The next day after receiving that sign I began my research and that very weekend I bought 100 dollars worth of flowers at Trader Joe’s and arranged them together with just intention and my own creativity. I created an Instagram that very week to document my journey and on the same day I received a bridal bouquet order. I was terrified but I knew that I had to do it and I would do all my research to make sure I delivered quality work.
This bridal bouquet led to three more weddings being booked and baby showers and birthdays all being booked within three months. I was overwhelmed and scared but I knew somewhere in my heart I could do it even with no experience. Each one I received such positive feedback and compliments such as “You have a natural eye for it.” I was grateful to receive these but I knew I needed to educate myself on floristry if I wanted to take this seriously.
And so I enrolled in a highly regarded workshop by Korean florist, Aulling Atelier in Los Angeles. With not much budget or money for it, I knew I had to do it. I have taken away so much in this workshop and in another taught by Korean florist Beige Bud’s workshop. I was able to apply these techniques to my own practices and work and it made me feel so happy to see improvement in my skill set.
All my life I had never actually taken a liking to flowers; I associated them with death and “sorry” flowers. Taking part in floristry and learning all the beautiful varieties and their unique characteristics has completely changed me. As someone who tends to overthink and always be in my head, flowers remind me to be present in my own life and to appreciate every fleeting moment with my family, my friends, and my relationships with others. I am grateful to have rewritten the narrative I once had about flowers. Now I can’t help but love them more and more as I learn.
I would love nothing more than to continue honing in on my floristry education with workshops, mentorships, and online courses. For my 30th birthday, I would love your help in being able to do so. Anything is appreciated and I will be sharing my learning journey on my Instagram @dearfleurs_ with you all.
How Your Support Helps:
This money will mainly go toward floral workshops and training.
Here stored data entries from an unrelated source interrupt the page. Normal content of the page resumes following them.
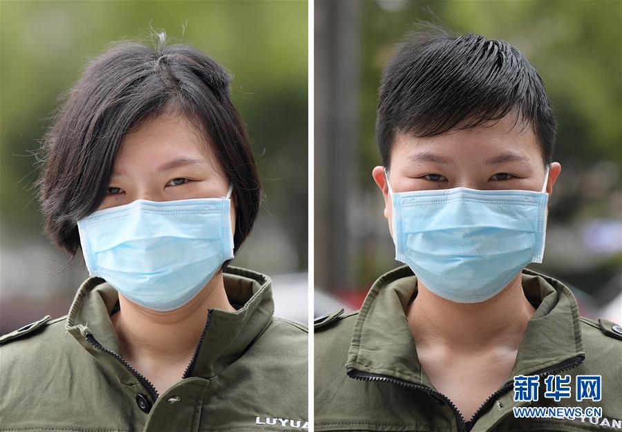 2月24日,汉口医院呼吸三科护士吴汉娣理发前后的对比照(拼板照片)。当日是农历二月初二,5位发型师在汉口医院医疗队驻地为该院百余位战斗在“抗疫一线”的医护人员免费理发。 近期,由近百位发型师组成的志愿者团队在武汉为医护人员提供义务理发服务,据了解,该团队一周以来为近4000名医护人员义务理发。 新华社记者 李贺 摄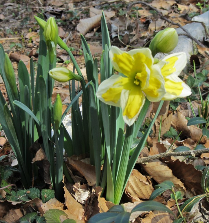 Our next door neighbors, an English couple, also love daffies and plant a fresh lot of bulbs each fall to add to their springtime display. Daffodils are heirloom plants, blooming for many decades after they are planted. They divide each summer and sometimes their seeds are spread around, allowing for natural hybrids and unpredictable spread. Their bright yellows, whites and golds light up our woodlands before the first buds of Forsythia or wild deerberries begin their bloom.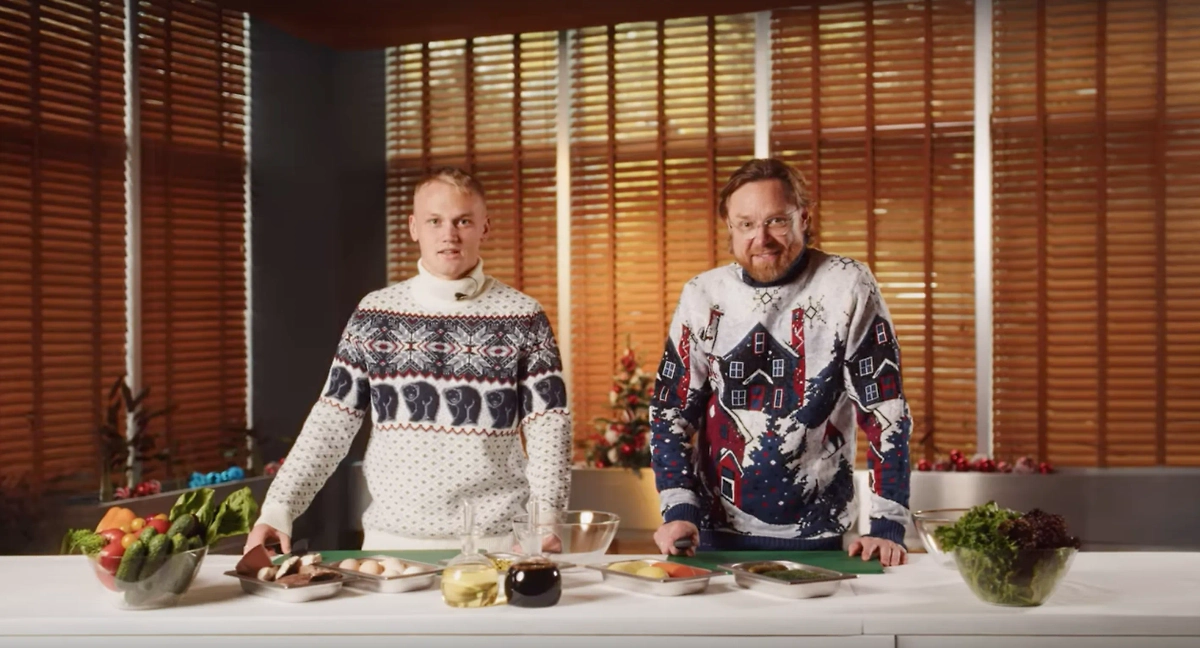 В этом году сборная России решила по полной поздравить болельщиков с Новым годом и опубликовать ещё один предпраздничный ролик. На видео 55-летний тренер и 22-летний нападающий готовят одно из главных блюд праздника — салат оливье. Правда, у Тюкавина не всё получается.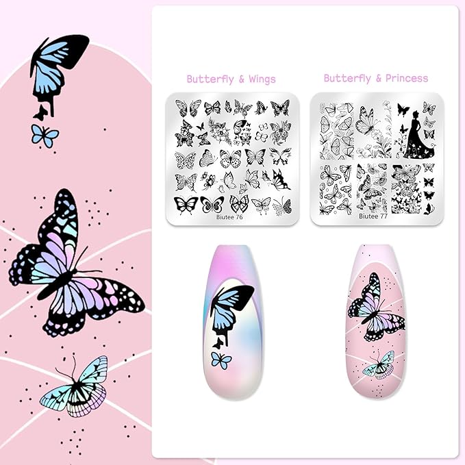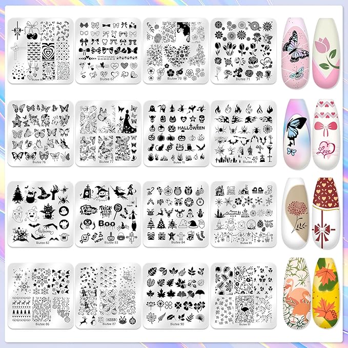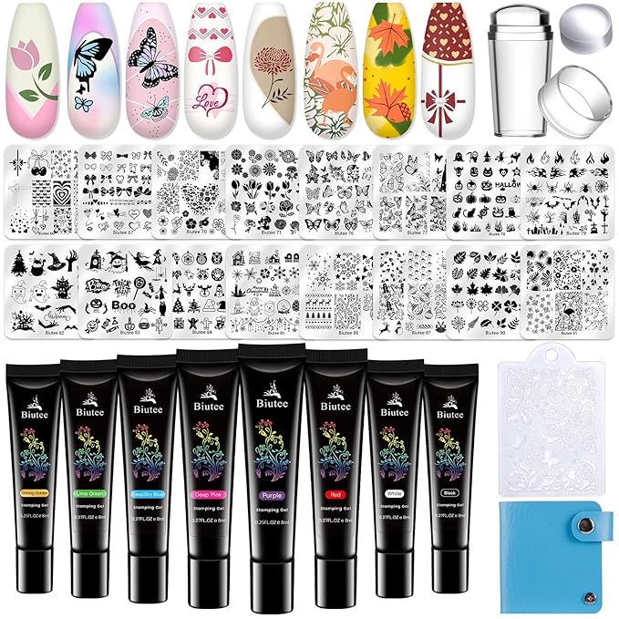 Biutee Nail Stamper Kit 16Pcs Nail Art Stamping Plate 8 Colors Stamp Polish Gel Silicone Stamper Scraper with Storage Bag, Nail Stamp Plates Love Flower Butterfly Leaf Template Valentine Design Gift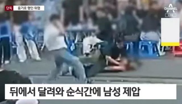 지난 16일 저녁 서울 종로 포장마차 거리에서 흉기를 든 남성이 시민을 위협하며 난동을 부렸다. / 채널A '뉴스A' 갈무리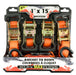 4 Pk. 1"x15' 2000 lb Ratcheting Tie Downs Orange.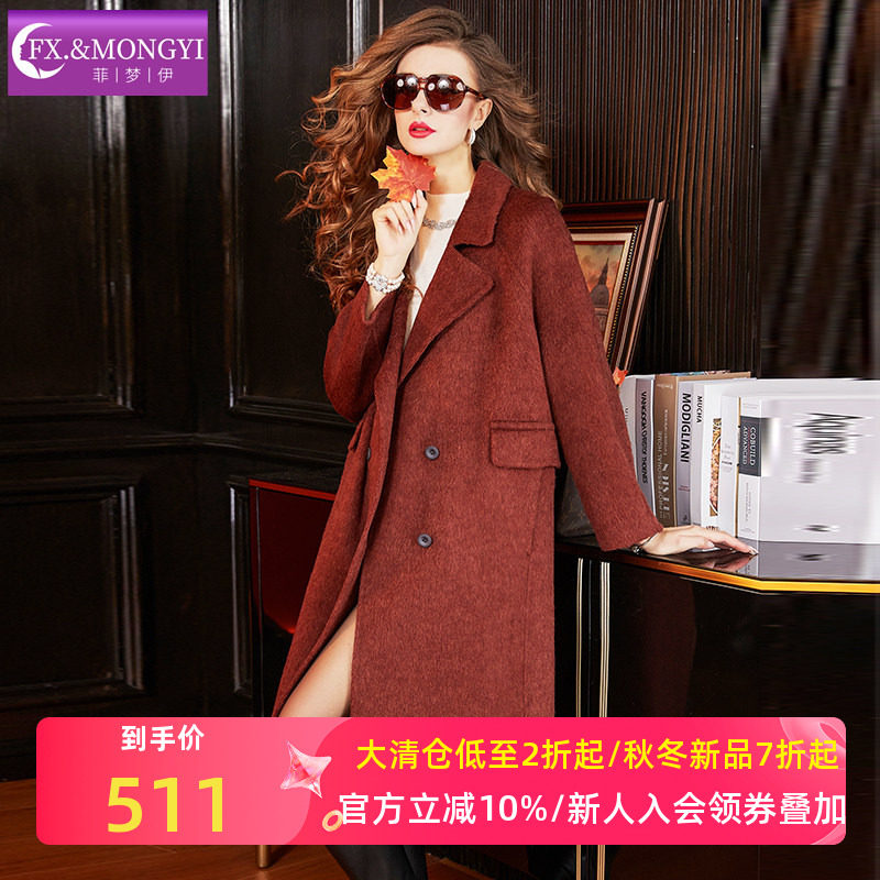 菲梦伊粉色西装领羊毛大衣女秋冬季加厚保暖双排扣中长款毛呢外套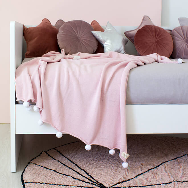 Плед с помпонами розовый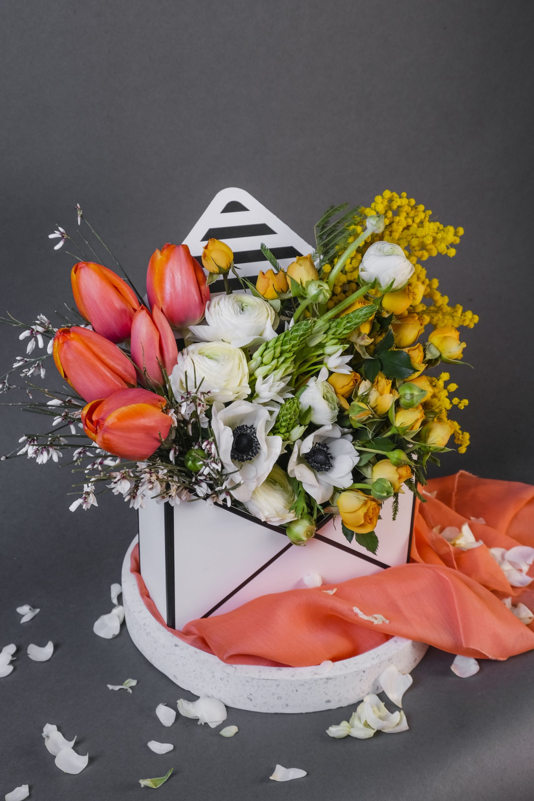 Aranjament floral de primăvară dispus în plic cu design minimalist, pentru momente de neuitat. Pentru modelul din imagini s-au folosit flori colorate, delicat parfumate, precum: lalele, ranunculus, anemone, genista, mimosa, trandafiri și ornitogalum. Plicul floral este potrivit pentru a fi oferit persoanelor dragi din viața ta, cu ocazii speciale, precum ziua de 8 Martie sau pur și simplu pentru a le aduce zâmbetul pe buze.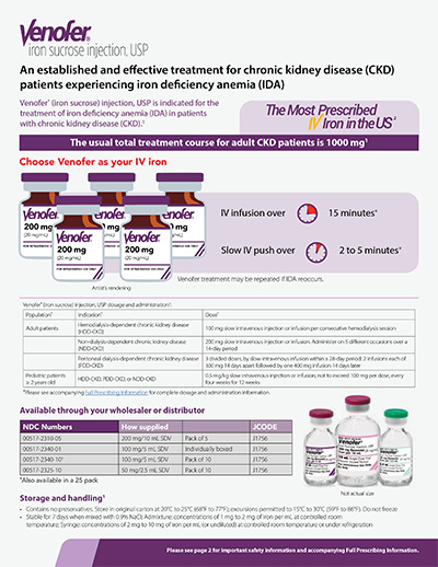 Below, you will find downloadable Venofer® (iron sucrose) injection, USP guides and resources for your practice, including treatment algorithms, dosing and administration information, and more. We will be adding more resources over time. Documents are in PDF format.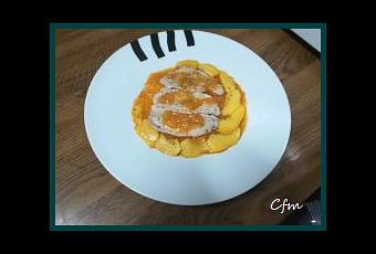 La manzana no sólo sirve para hacer tartas o para acompañar el foie, ya que sus virtudes en la cocina, aparte de alimentar, nutir, enriquecer, refrescar, o hidratar, la hacen capaz de cambiar el sabor y las texturas de un plato. Incorporar una variedad apropiada de manzana a una receta nos puede proporcionar el toque dulce o ácido que buscamos, frescor, jugosidad, etc...Podemos elegir entre una gran variedad con distintas características, dulces, agridulces, ácidas… cada vez son más las distintas clases que encontramos en el mercado, Y si hablamos de cocinarlas, aunque al fin y al cabo todas las variedades se pueden someter a un método de cocción, las hay que mantienen más el cuerpo y las que casi se deshacen.Yo en esta ocasión he usado la variedad golden extra...Vamos a ver cómo...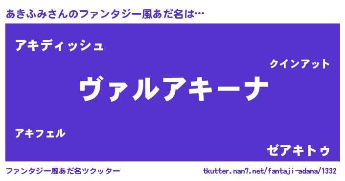 | 男性向けラノベタイトル風あだ名 | 『魔弾の王とあきふみ』 |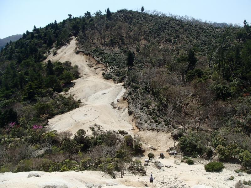 ・羽鳥峰でお昼休憩。おにぎりを頬張りつつ、ふと下を見るとザレた広場に石で作ったハートマーク、中心には星印。後続の登山者の心を癒してくれる心遣いなのでしょうか。登山にもいろんな楽しみ方がありますね。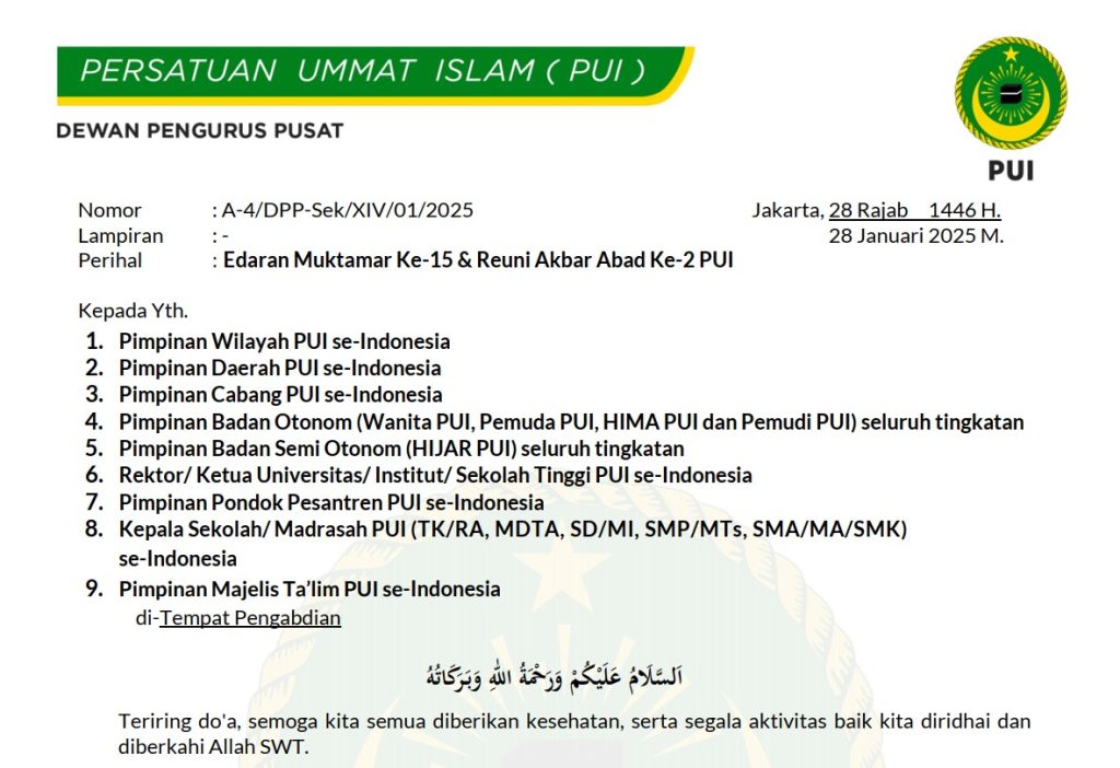DPP PUI menghimbau agar seluruh pengurus dan anggota di semua tingkatan, serta elemen pendidikan dan sosial, turut serta dalam perhelatan besar ini. Beberapa langkah yang perlu dipersiapkan antara lain: ✅ Persiapan fisik, mental, dan logistik untuk keberangkatan ke Jakarta. ✅ Pendanaan mandiri untuk transportasi, akomodasi, dan kebutuhan lainnya. ✅ Koordinasi intensif di setiap tingkatan organisasi guna memastikan keterlibatan maksimal. ✅ Pelaporan kesiapan peserta kepada Panitia Muktamar paling lambat 28 Februari 2025 melalui Call Center: 0896-7012-5283 (Sdr. Abdul Majid).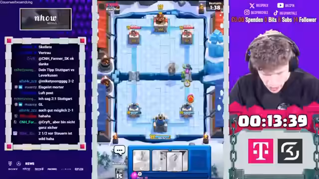 00:39:58Der Streamer steht Salih gegenüber und analysiert dessen Kartenauswahl, darunter Pfeile und Zepp. Er entscheidet sich für eine spezielle Strategie mit Nado und Guards, um sich nicht sofort auf eine bestimmte Taktik festzulegen. Er kommentiert die Versuche des Gegners, seine Einheiten zu kontern und wählt Seppis, um flexibel zu bleiben. Es folgt eine detaillierte Auseinandersetzung mit den Karten des Gegners, einschließlich Henker und Golden Knight. Der Streamer kontert mit Sparky und Ritter, wobei er betont, dass er nur OG-Karten spielt. Er muss auf den Royalen Riesen zurückgreifen. Der Gegner wählt Graveyard, woraufhin der Streamer mit Kobolden kontert, um sich gegen Graveyard und Wallbreaker zu verteidigen. Es kommt zum Einsatz von Royal Giant und Sparky, um Druck auf den Gegner auszuüben. Trotz guter Verteidigung des Gegners gelingt es dem Streamer, Schaden am Turm zu verursachen. Er analysiert die Spielweise des Gegners und setzt Sparky und Guards ein, um die Angriffe abzuwehren. Durch geschicktes Zappen und den Einsatz von Rittern gelingt es ihm, einen Turm zu zerstören und den Sieg zu erringen.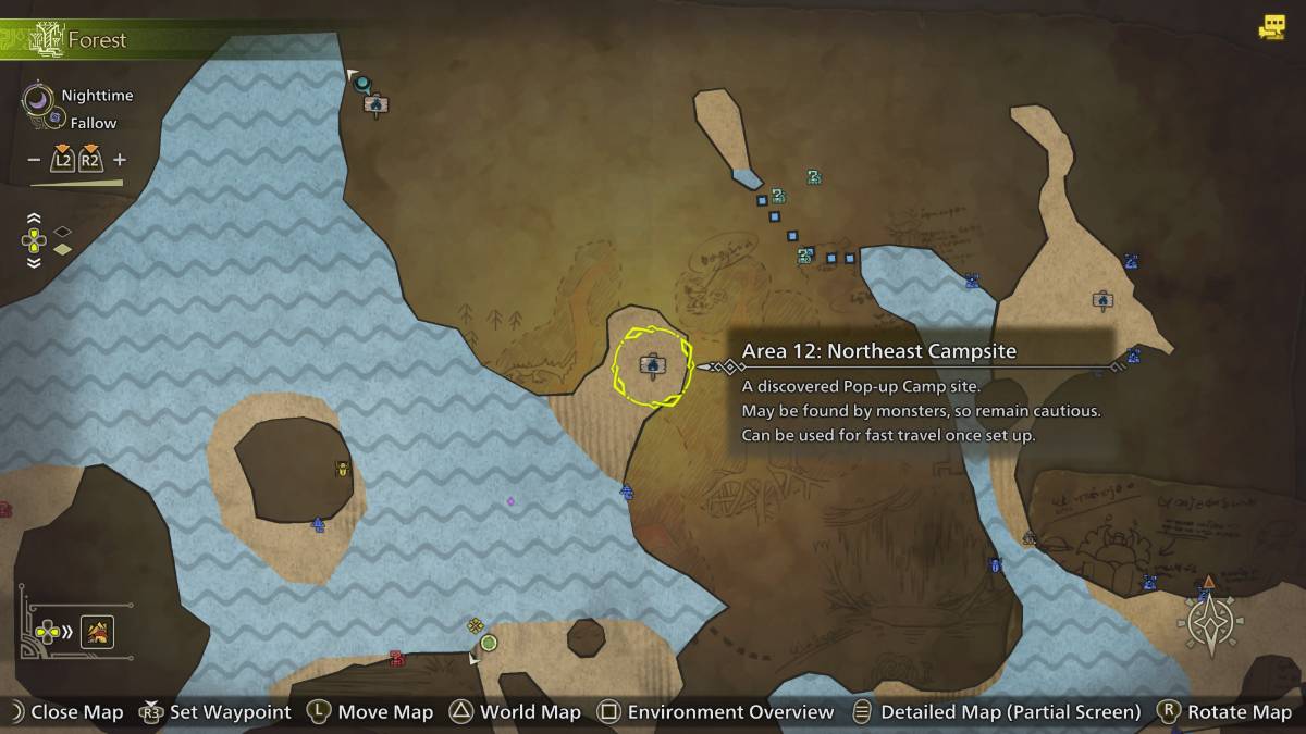 猩红森林中的大多数临时营地位置都位于或靠近森林地面。上面的地图显示了它们在区域地图上的位置(带有帐篷图标的路标),下表详细介绍了它们的名称和安全级别。

Every bit truly helps:
$25 helps purchase a bucket of fresh flowers for me to practice arranging
$50 covers floral supplies for one floral project
$100 funds the enrollment fee for a single online floral design module
$250 covers travel to LA for one in-person workshop day
$500 sponsors a portion of an advanced floral installation course
$2,000+ makes it possible for me to enroll in a full multi-day masterclass and build my professional portfolio
Thank you so much for considering celebrating my 30th birthday by investing in my dreams. With your support, I can keep creating beauty and spreading joy through flowers.
Thank you for taking the time to read my story. Thank you for your support in each and every way. Thank you.